WHAT NEEDS TO BE DONE
When you reach the line that contains "I took a break" below, transcribe it and each line after it word for word to the end of the records, omitting pictures.

··········

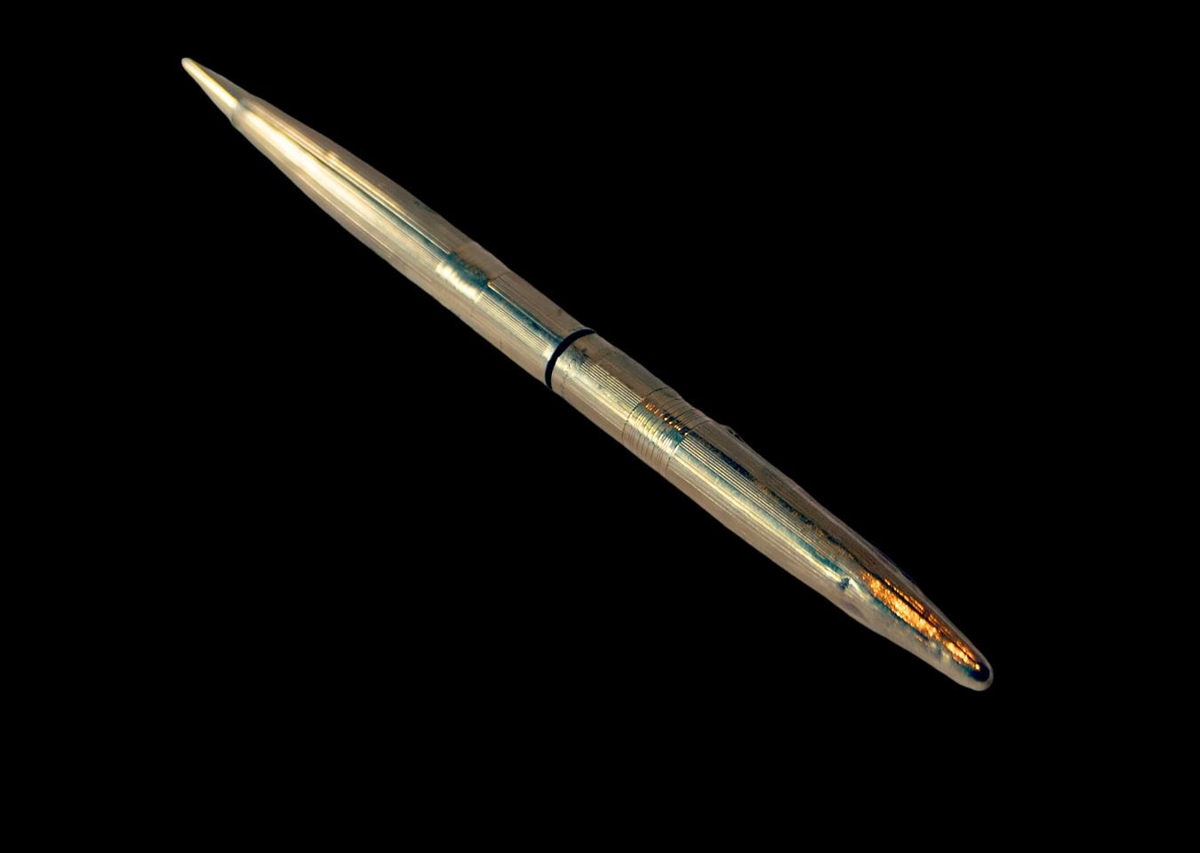 Pennasett-ágrafið :Ó.Th. Afmælisgjöf til Ólafs Thors forsætisráðherra á fimmtugsafmæli hans 19 janúar 1942 (f.19/1 1892,d. 31/12 1964) Afhent byggðasafninu á jólum 1977.Pennasettið saman stendur af tveimur gullituðum pennum .
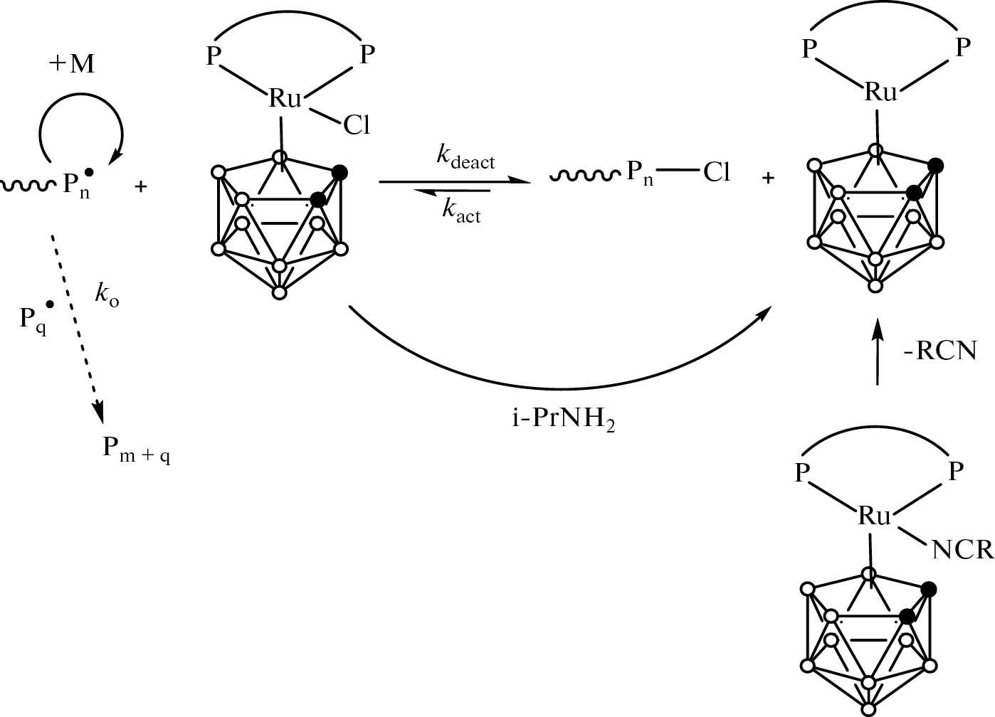 Радикальная полимеризация по механизму с переносом атома может быть реализована как в традиционном, термически-инициированном процессе [6], так и в условиях фотооблучения при использовании комплексов переходных металлов в качестве катализаторов [7, 8]. Часто для этих целей используют комплексы меди [6, 9–11], рутения [12–14], железа [15–17], иридия [7, 18] с различными лигандами. Для эффективного регулирования роста цепи, приводящего к образованию гомои сополимеров с низкими значениями дисперсности, к металлокомплексному катализатору предъявляется ряд требований. Прежде всего, переходный металл должен иметь по крайней мере две смежные степени окисления, а его координационная сфера должна иметь способность увеличиваться для селективного размещения галогена. Среди соединений, отвечающих указанным требованиям, следует выделить карборановые комплексы рутения. Благодаря своей стабильности в условиях процесса рутенакарбораны показали высокую эффективность при их применении в качестве катализаторов полимеризации по механизму с переносом атома даже при использовании в концентрации 0.01 мол. % [19].
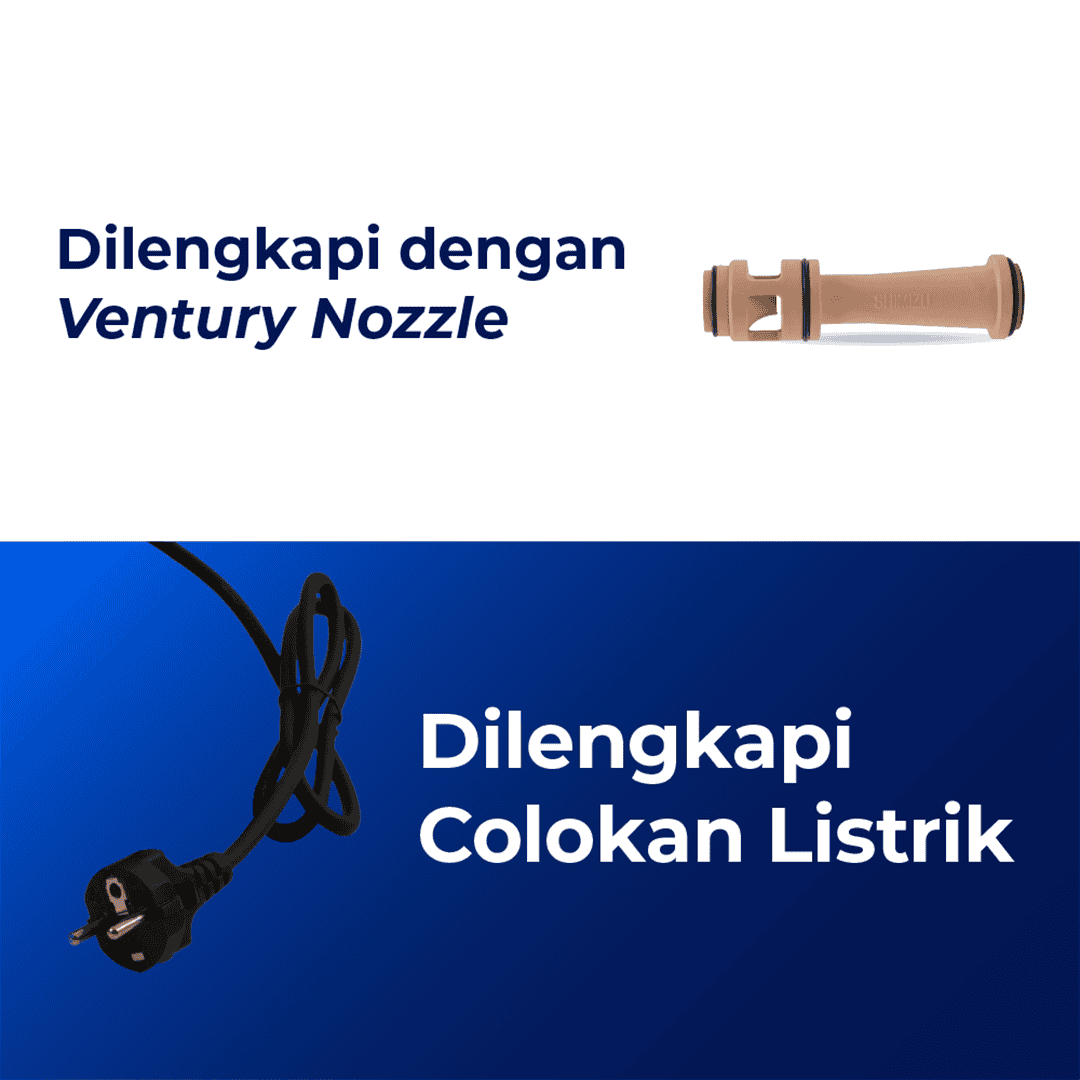 Pompa Air SHIMIZU JET-100 BIT memiliki 2 keunggulan utama yaitu dilengkapi dengan Venturi Nozzle dan colokan listrik. keunggulan lainnya yaitu Motor Pompa SHIMIZU menggunakan 100% kawat tembaga sehingga motor lebih kuat, tahan lama dan tidak mudah terbakar.
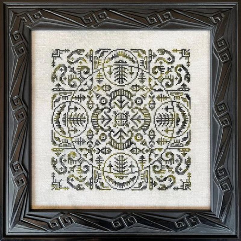 New Alchemy: Abundance von Ink Circles ist ein kunstvolles, symmetrisches Ornamentdesign, das die typische Handschrift der Designerin trägt: klare Struktur, raffinierte Geometrie und eine Prise Mystik. Das Motiv vereint kreisförmige Elemente, florale Details und alchemistisch anmutende Muster zu einer harmonischen Komposition. Die ruhige Farbpalette in Grün‑, Grau‑ und Schwarztönen verleiht dem Design eine elegante, moderne Ausstrahlung. Perfekt für alle, die dekorative Muster, anspruchsvolle Stickerei und die Ink‑Circles‑Ästhetik lieben.
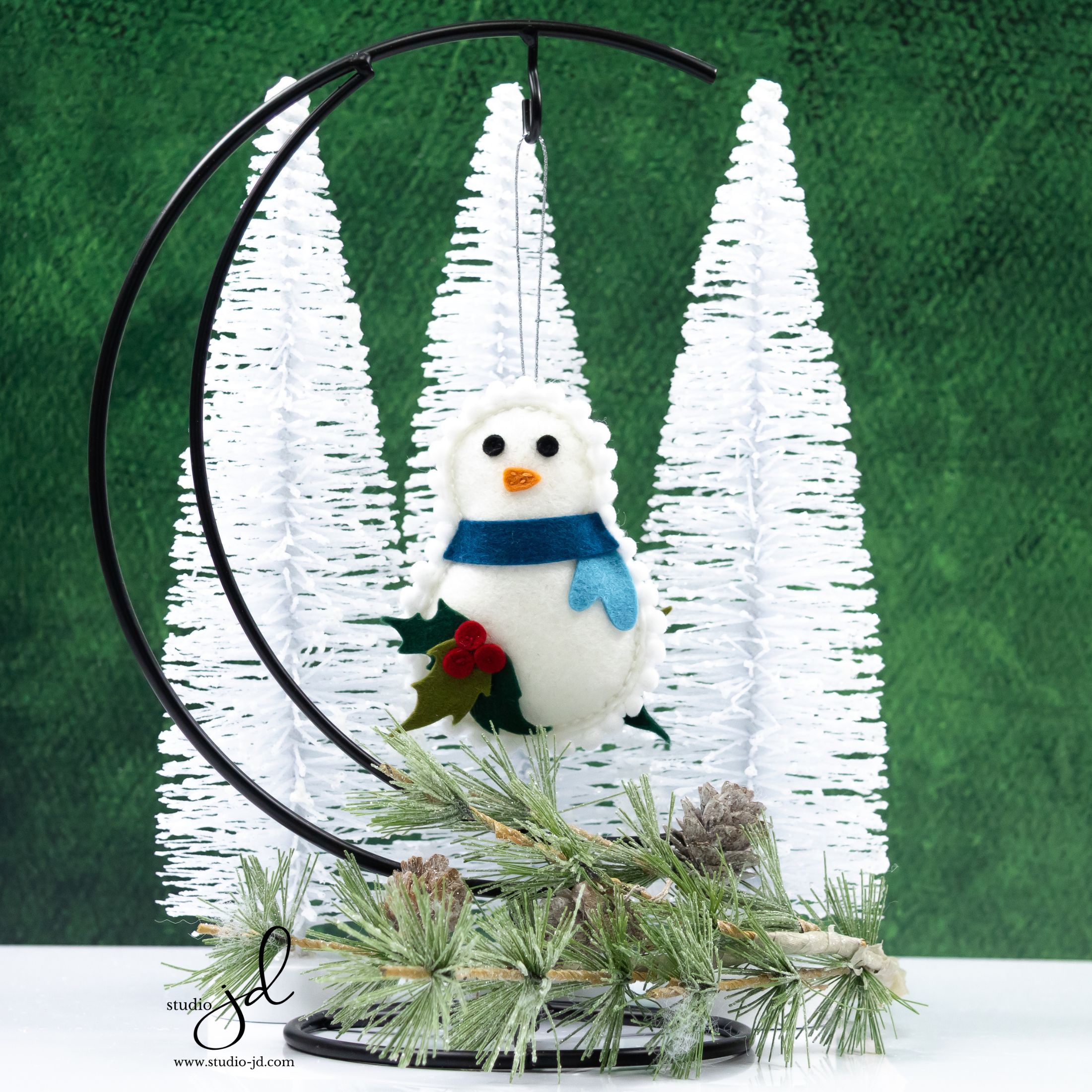 I took a break from paper this week and brought out the felt instead! This little snowman ornament was created using the Stitching Snowman dies from Simon Says Stamp. The dies cut through felt beautifully and provide stitching holes that double as the perfect guide for hand-stitching.
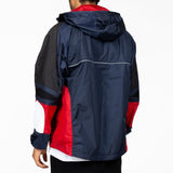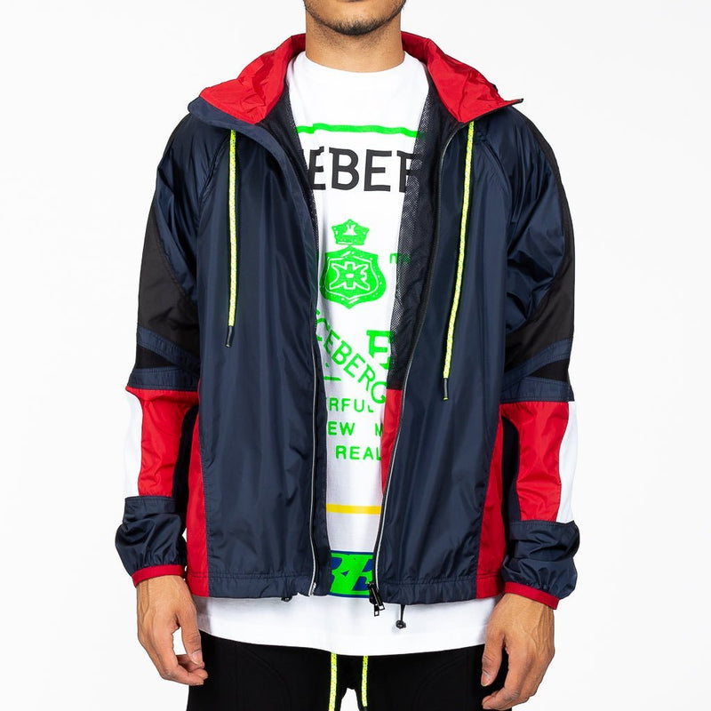 The Iceberg Convertible Sport Jacket blends functionality with bold style. Featuring a lightweight nylon construction, this zip-up jacket showcases a dynamic color-blocked design in navy, red, black, and white. Adjustable drawstrings, a packable hood, and sporty paneling make it perfect for versatile styling and active wear.

··········

RESPONSE FOR THIS EXERCISE
 I took a break from paper this week and brought out the felt instead! This little snowman ornament was created using the Stitching Snowman dies from Simon Says Stamp. The dies cut through felt beautifully and provide stitching holes that double as the perfect guide for hand-stitching.
 The Iceberg Convertible Sport Jacket blends functionality with bold style. Featuring a lightweight nylon construction, this zip-up jacket showcases a dynamic color-blocked design in navy, red, black, and white. Adjustable drawstrings, a packable hood, and sporty paneling make it perfect for versatile styling and active wear.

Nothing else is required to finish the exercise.